Bernd Renger erfreut sich an seiner Cannabis-Pflanze auf seinem Balkon. © Matthias Weber/photoweber.de

Im Ruhestand hat sich Bernd Renger ein gemütliches Nest gebaut. Sein Haus in Dittelsdorf war ihm allein zu groß geworden, er siedelte um in eine Mietwohnung in der Zittauer Innenstadt. "Hauptsache Altbau und ein großer Balkon", sagt er.
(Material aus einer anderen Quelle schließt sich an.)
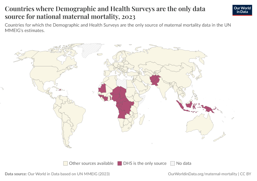 Our World in Data based on UN MMEIG (2023) – processed by Our World in Data. “Countries where Demographic and Health Surveys are the only data source for national maternal mortality” [dataset]. Our World in Data based on UN MMEIG, “Countries for which DHS is the only source for UN MMEIG maternal mortality estimates” [original data]. Retrieved March 11, 2026 from https://gdocs-bespoke-component.owid.pages.dev/grapher/dhs-is-the-only-source-of-maternal-mortality-data
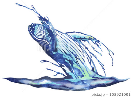 水しぶきを上げブリーチングする鯨イラスト
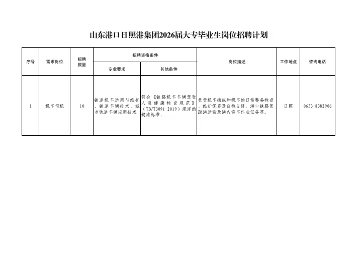 附件:1.山东港口日照港集团2026届大专毕业生岗位招
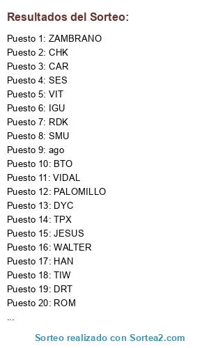 Lista de participantes: DYC, TPX, VIT, RDK, S26, SMU, TIW, JAV, JUANJO, BTO, CUR, SES, IGU, JESUS, ZAMBRANO, PALOMILLO, CHK, VIDAL, WALTER, CAR, DRT, ago, ROM, HAN.
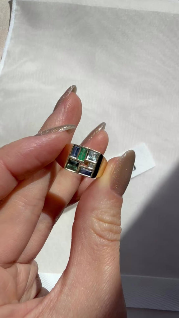 Crafted in recycled 14k yellow solid gold, the ring features natural blue sapphire, emerald, green spinel, and white diamond arranged in the signature Poetic Mind grid — a structured, artistic layout with subtle depth and luminosity.
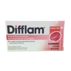 Viên ngậm viêm họng Difflam là thuốc chuyên trị các chứng viêm, sưng đau ở cổ và họng, viêm họng mãn tính, viêm amedan,… Thành phần dược chất chính gồm có Benzydamine hydrochloride có tác dụng giảm đau, chống viêm tác động tại chỗ để làm giảm các tình trạng viêm ở miệng và họng. Viên Difflam vị dâu rừng, không đường và thích hợp cho bệnh nhân tiểu đường.
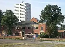 Victoria Hall is a block of student accommodation with four tower blocks in the Springfield area of Heath Town. The tallest block is 25 stories and when built in 2009 was the tallest modular building in Europe.[27]
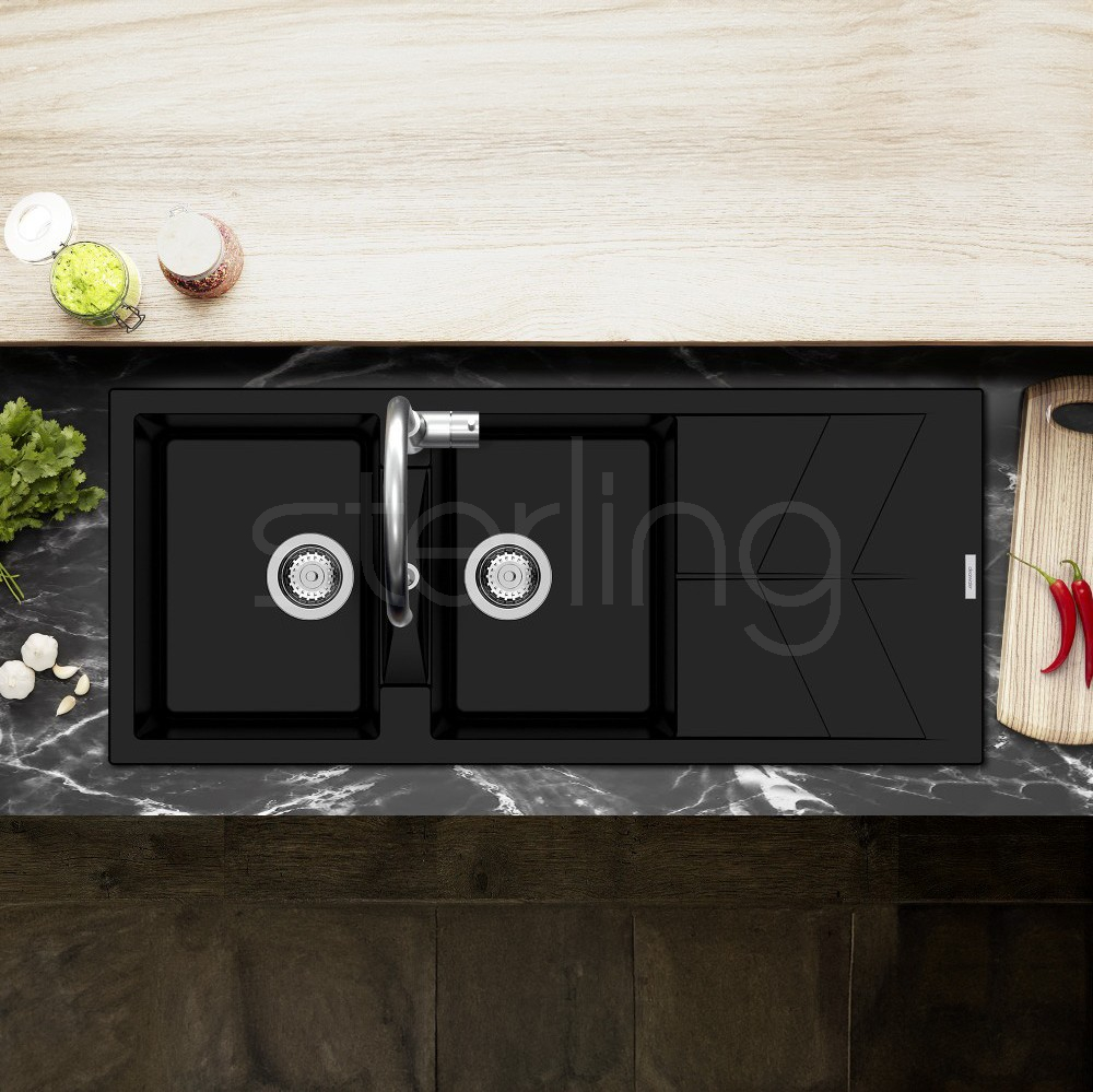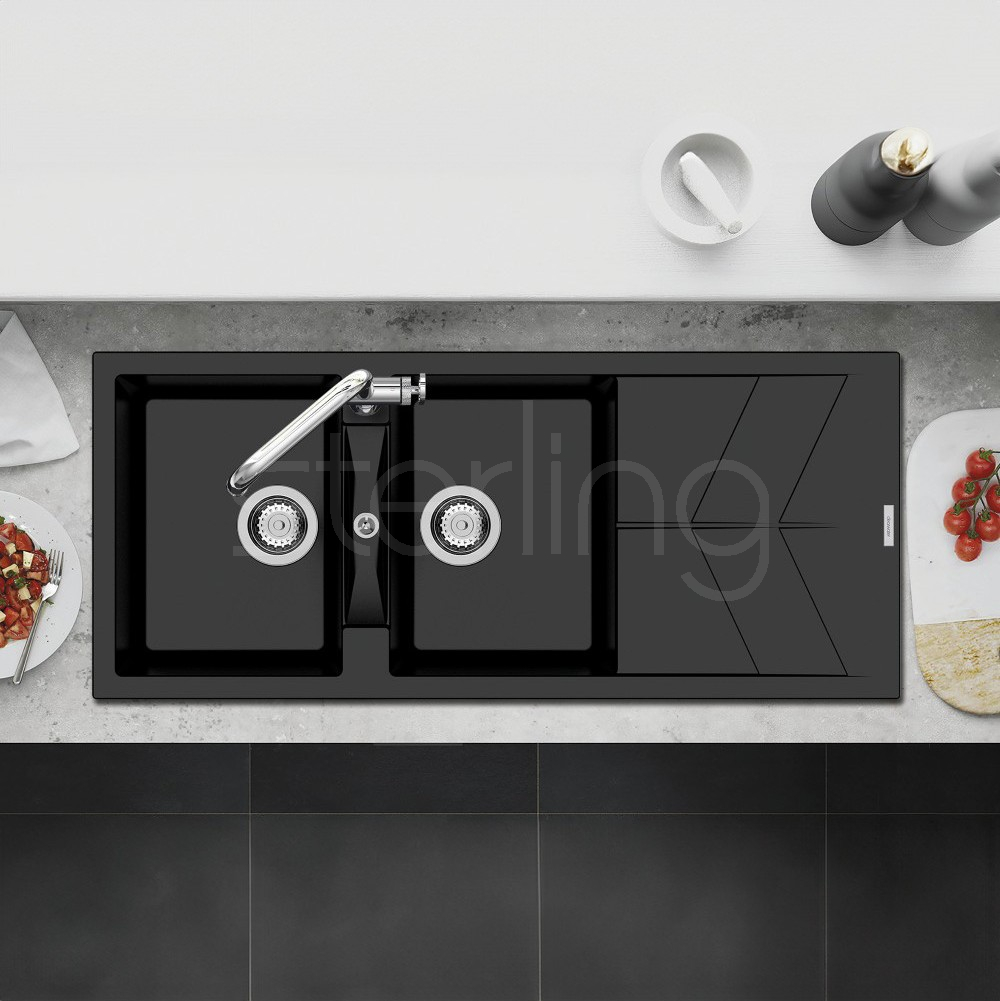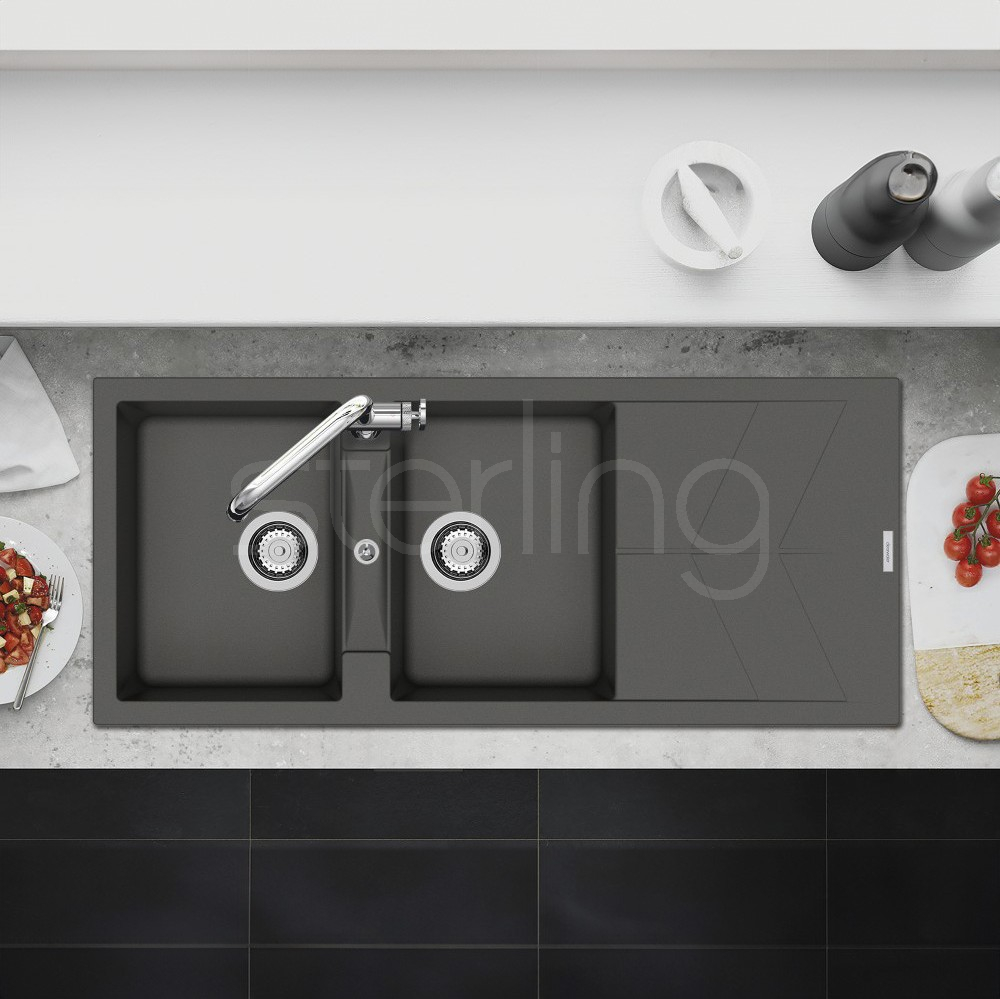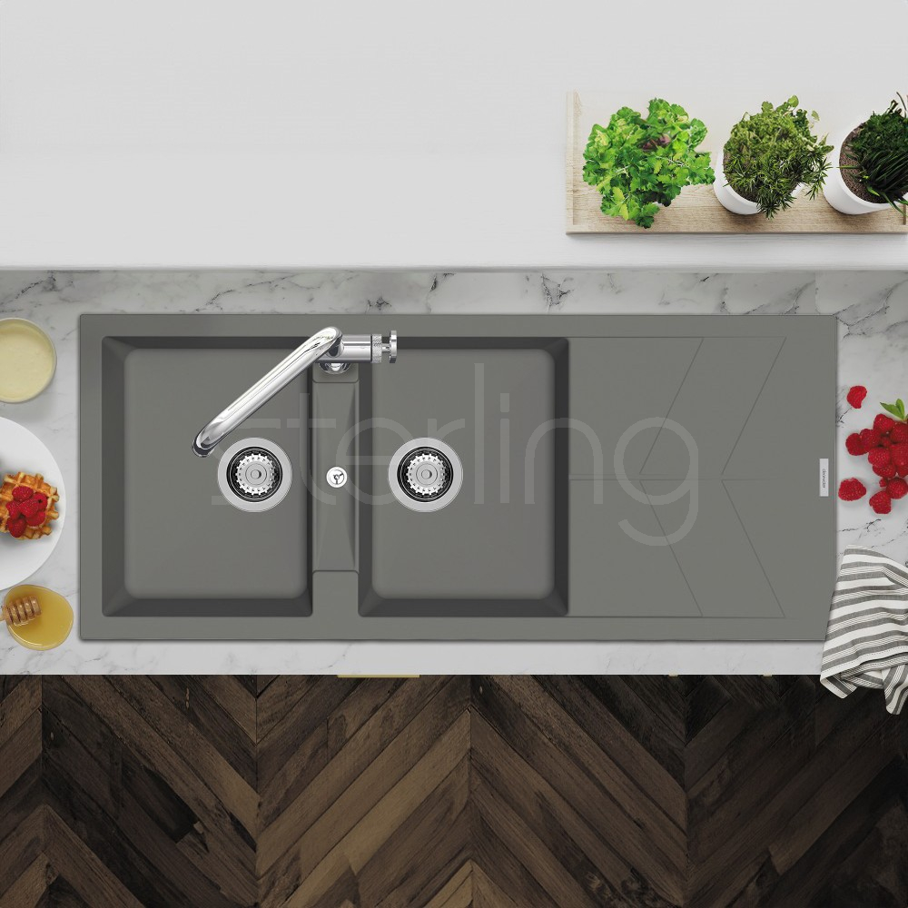 The Rio features an ultra-modern design highlighted by a trendy chevron drainer pattern, combining style and practicality. Engineered with extra-deep bowls, each model incorporates precisely angled draining lines in the base to promote rapid water flow and prevent pooling. The RIOD200 model delivers the additional bowl essential for multitasking in busy kitchens, offering both superior functionality and sleek contemporary appeal. Available in seven colours; Polar, Onyx, Moonstone, Nero, Croma, Concrete and Basalt.

Diesen Balkon kennzeichnet ein Schild mit der Aufschrift "Wohlfühloase". Viele Blumen wachsen dort, Lavendel sorgt für ein bisschen provenzalischen Charme, mit einem Vogelhäuschen lockt er auch singende Gäste an. Und eines dieser Vögelchen hat vermutlich den Samen einer Pflanze mitgebracht, die seit neuestem prominent auf Rengers Balkon gedeiht: Cannabis.

Bernd Renger liebt alles, was wächst und gedeiht - er ist ein Mann vom Fach. "Ich war 22 Jahre lang als Landschaftsgartenbauer in Baden-Württemberg im Großraum Stuttgart beschäftigt", erzählt er. Und dort war er mit Schaffung von Gartenpracht ganz anderer Dimensionen betraut, als der seiner kleinen "Wohlfühloase". "Ich war zum Beispiel in den Gärten der Familien Porsche oder Stihl tätig oder oft auch am Bodensee, wo 100 Quadratmeter mitunter eine Million Euro kosten", sagt er.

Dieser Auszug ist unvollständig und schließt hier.